BEGIN
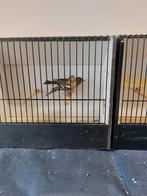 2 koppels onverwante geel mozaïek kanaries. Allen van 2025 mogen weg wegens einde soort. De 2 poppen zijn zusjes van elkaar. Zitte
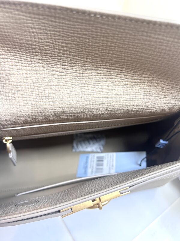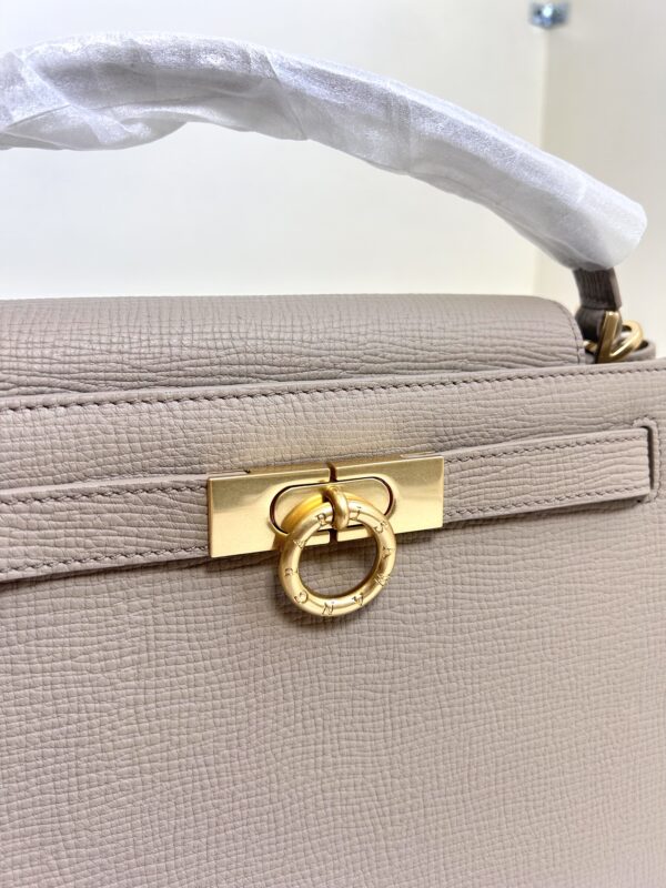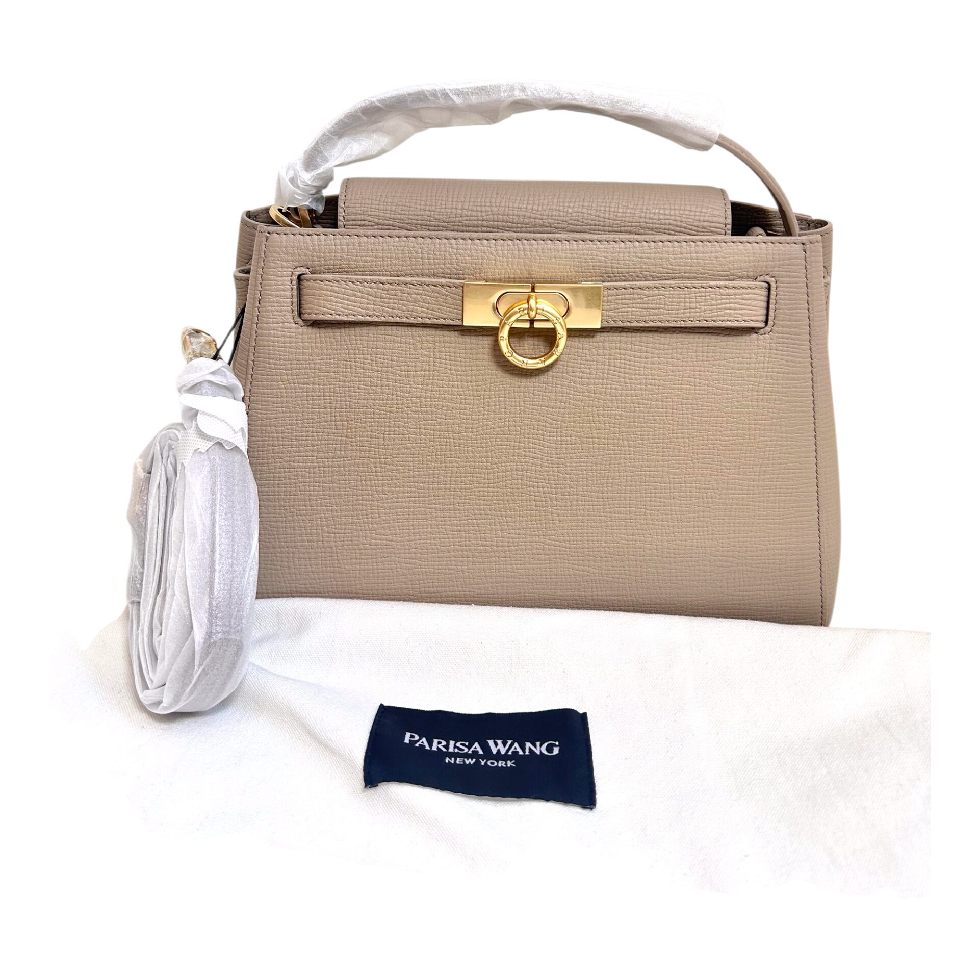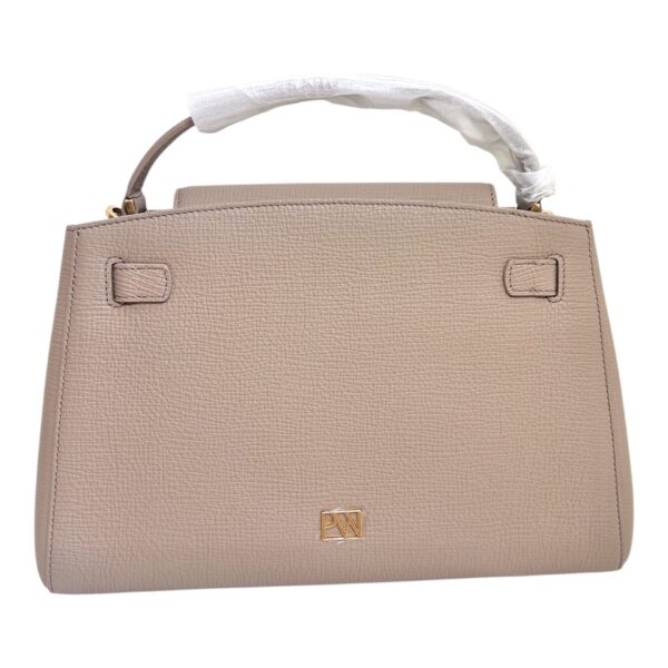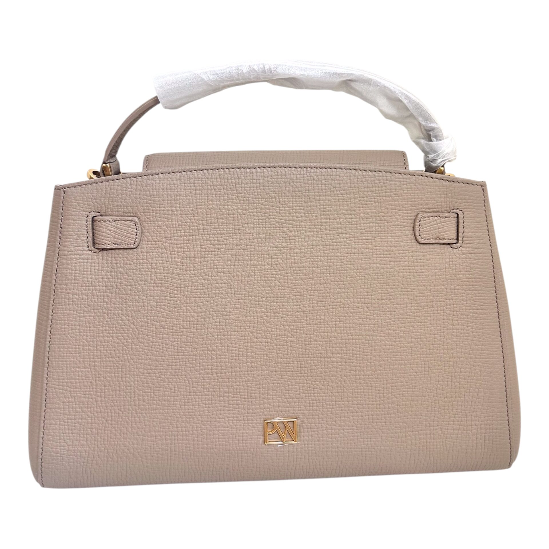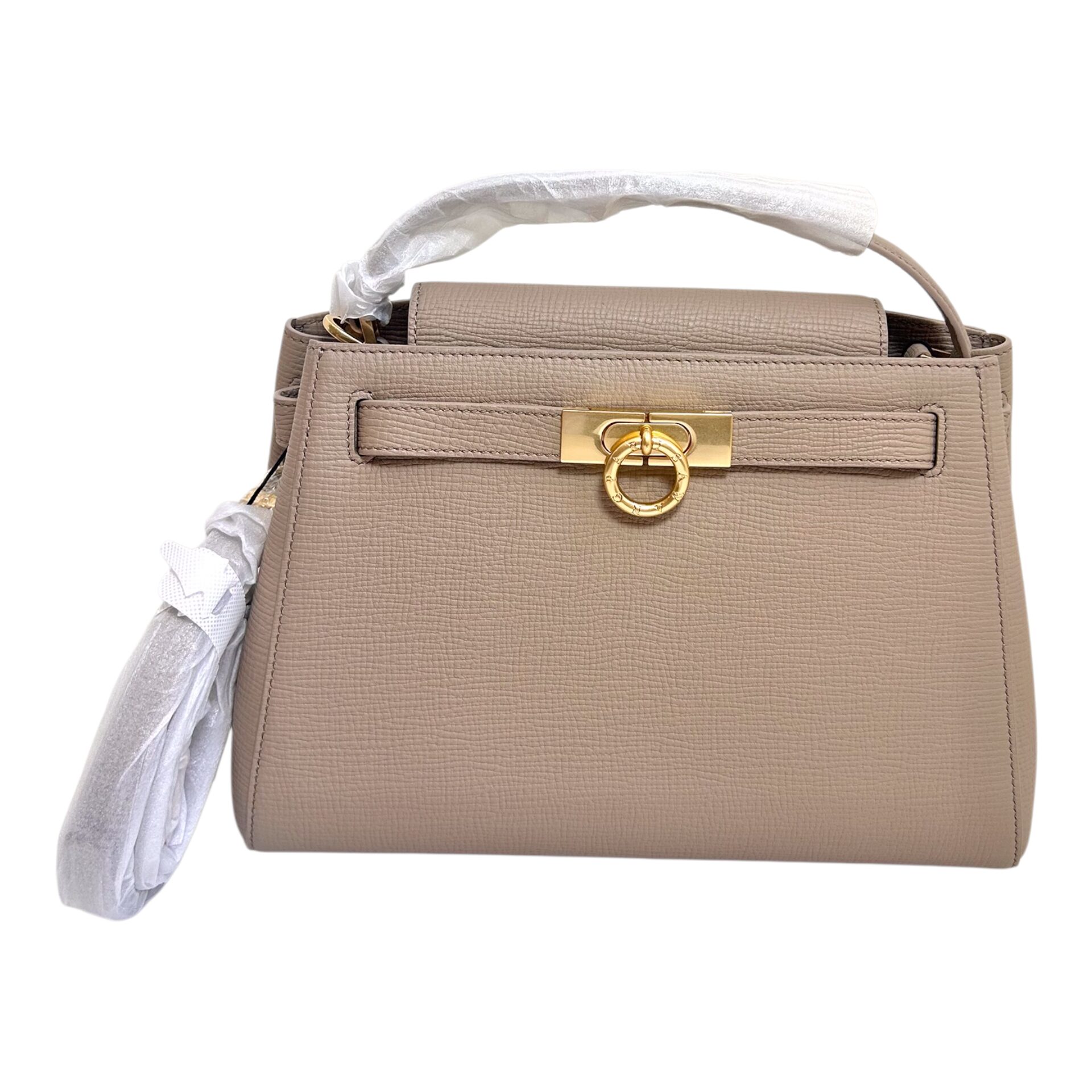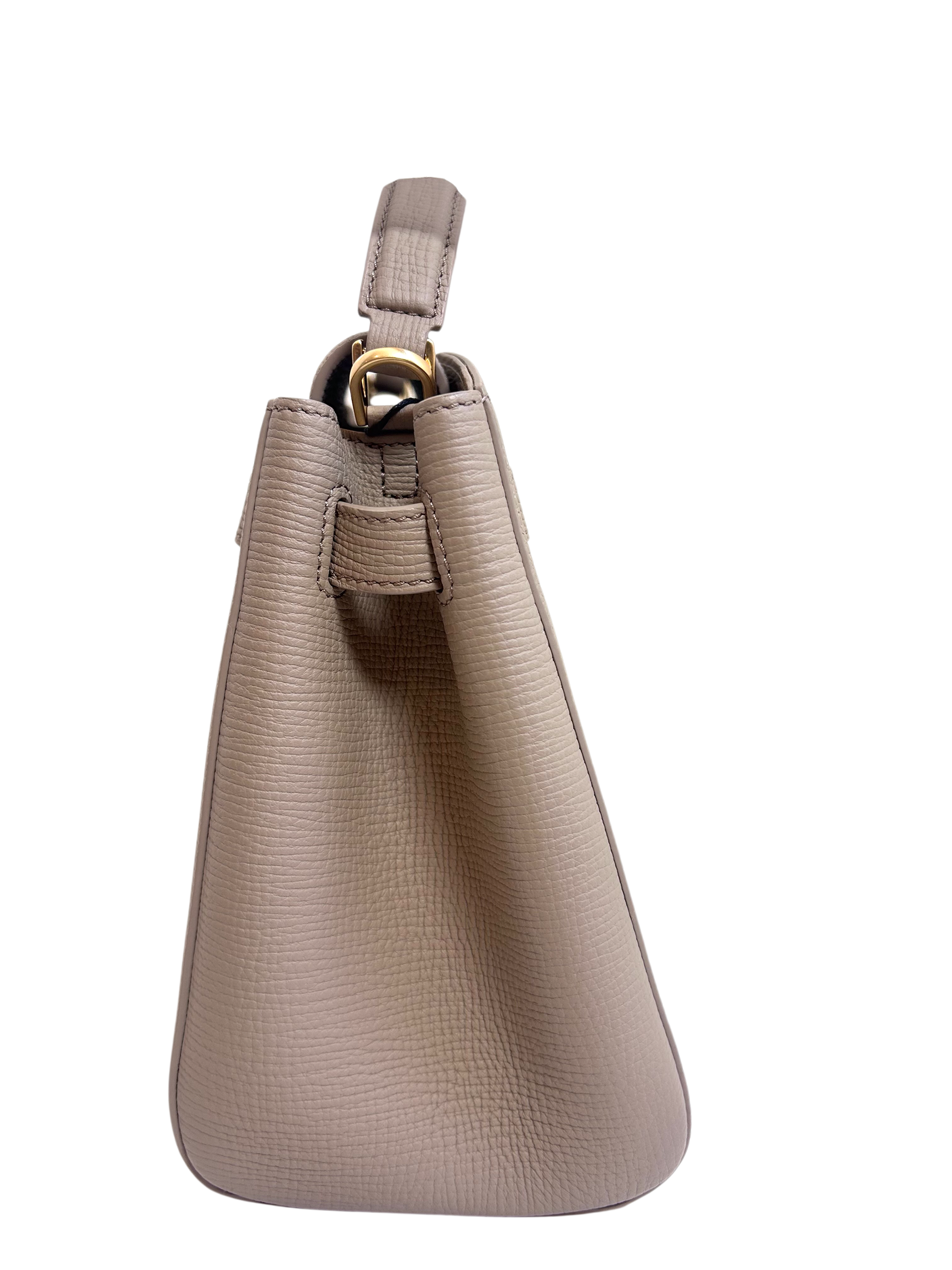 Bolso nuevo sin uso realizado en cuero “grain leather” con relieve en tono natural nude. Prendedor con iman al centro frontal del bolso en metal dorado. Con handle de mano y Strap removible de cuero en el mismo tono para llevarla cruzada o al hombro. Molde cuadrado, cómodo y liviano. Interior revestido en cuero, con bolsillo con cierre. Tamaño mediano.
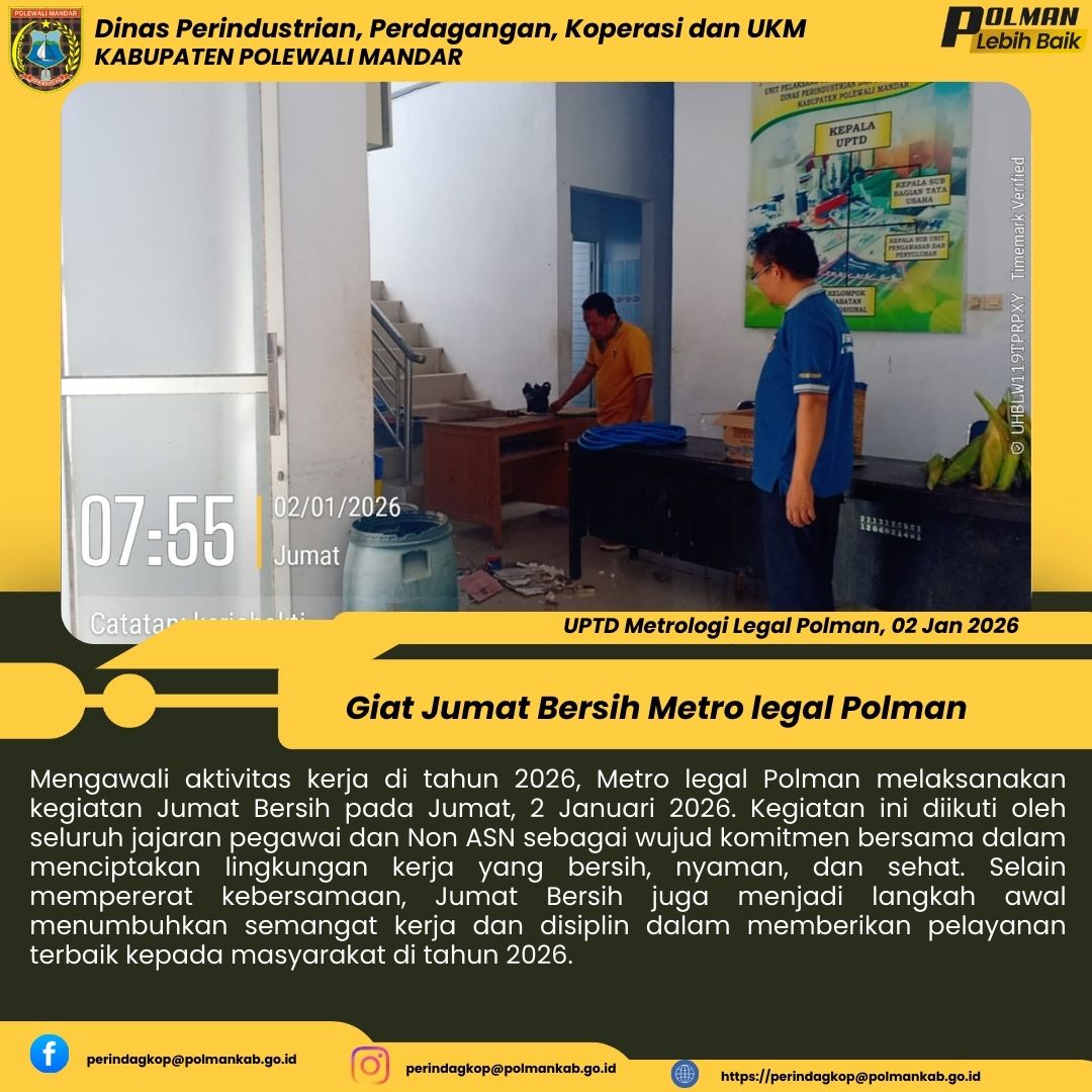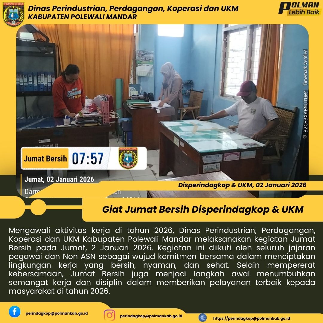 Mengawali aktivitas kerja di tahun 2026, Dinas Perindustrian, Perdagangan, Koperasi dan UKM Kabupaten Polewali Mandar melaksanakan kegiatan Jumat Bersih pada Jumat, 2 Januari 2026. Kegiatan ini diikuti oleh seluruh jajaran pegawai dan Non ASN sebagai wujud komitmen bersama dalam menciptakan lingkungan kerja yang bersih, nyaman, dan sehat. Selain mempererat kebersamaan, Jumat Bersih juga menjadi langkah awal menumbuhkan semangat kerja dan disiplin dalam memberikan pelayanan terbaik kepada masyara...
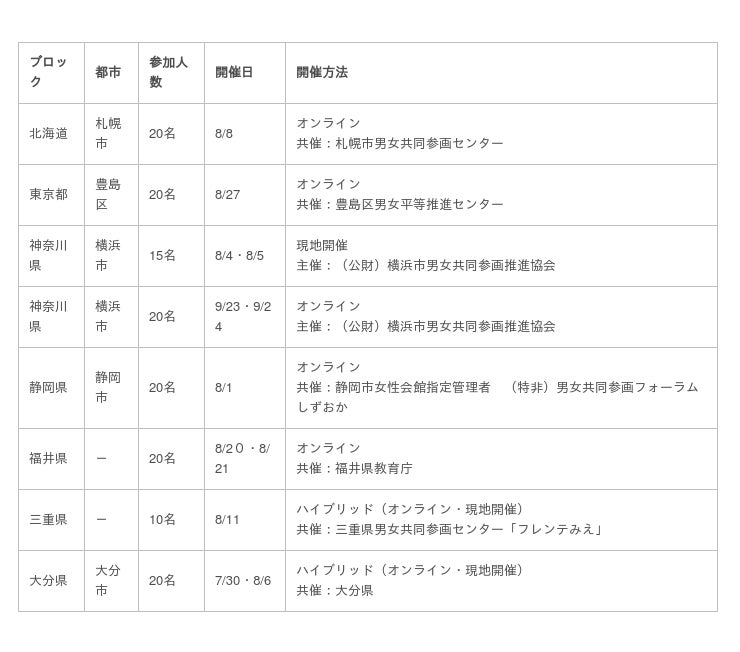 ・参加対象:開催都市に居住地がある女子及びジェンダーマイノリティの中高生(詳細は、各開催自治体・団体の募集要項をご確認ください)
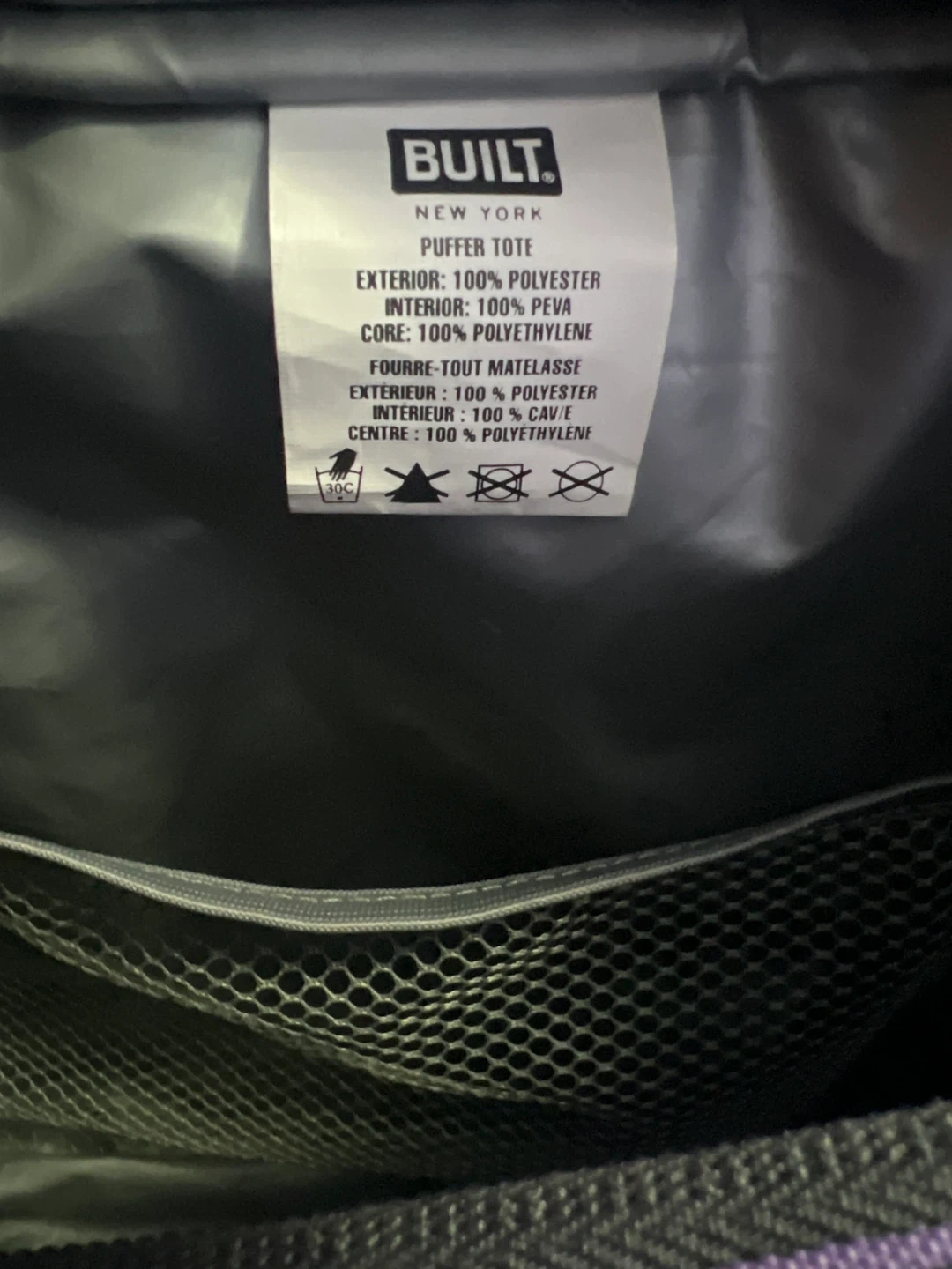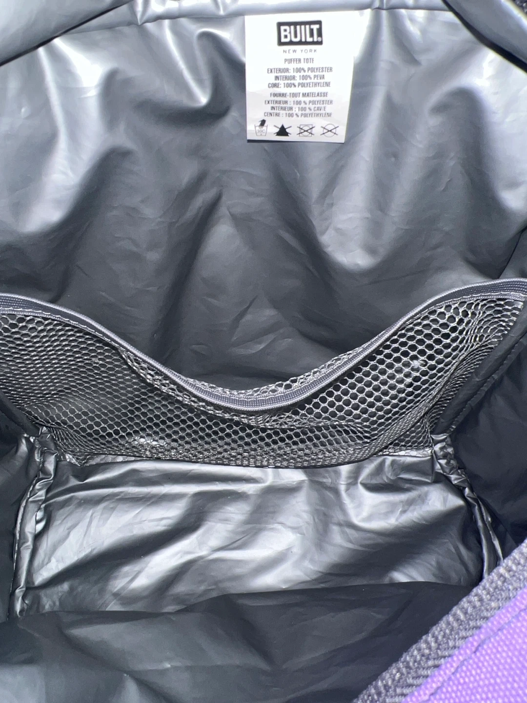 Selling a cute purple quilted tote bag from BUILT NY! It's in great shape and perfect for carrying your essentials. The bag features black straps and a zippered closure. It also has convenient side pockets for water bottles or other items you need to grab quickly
END
* Work item *
Could you repeat, exactly and with nothing added, the lines from the top of the entries above through the line that holds "Bolso nuevo sin", leaving out any pictures?

* Solution *
 2 koppels onverwante geel mozaïek kanaries. Allen van 2025 mogen weg wegens einde soort. De 2 poppen zijn zusjes van elkaar. Zitte
 Bolso nuevo sin uso realizado en cuero “grain leather” con relieve en tono natural nude. Prendedor con iman al centro frontal del bolso en metal dorado. Con handle de mano y Strap removible de cuero en el mismo tono para llevarla cruzada o al hombro. Molde cuadrado, cómodo y liviano. Interior revestido en cuero, con bolsillo con cierre. Tamaño mediano.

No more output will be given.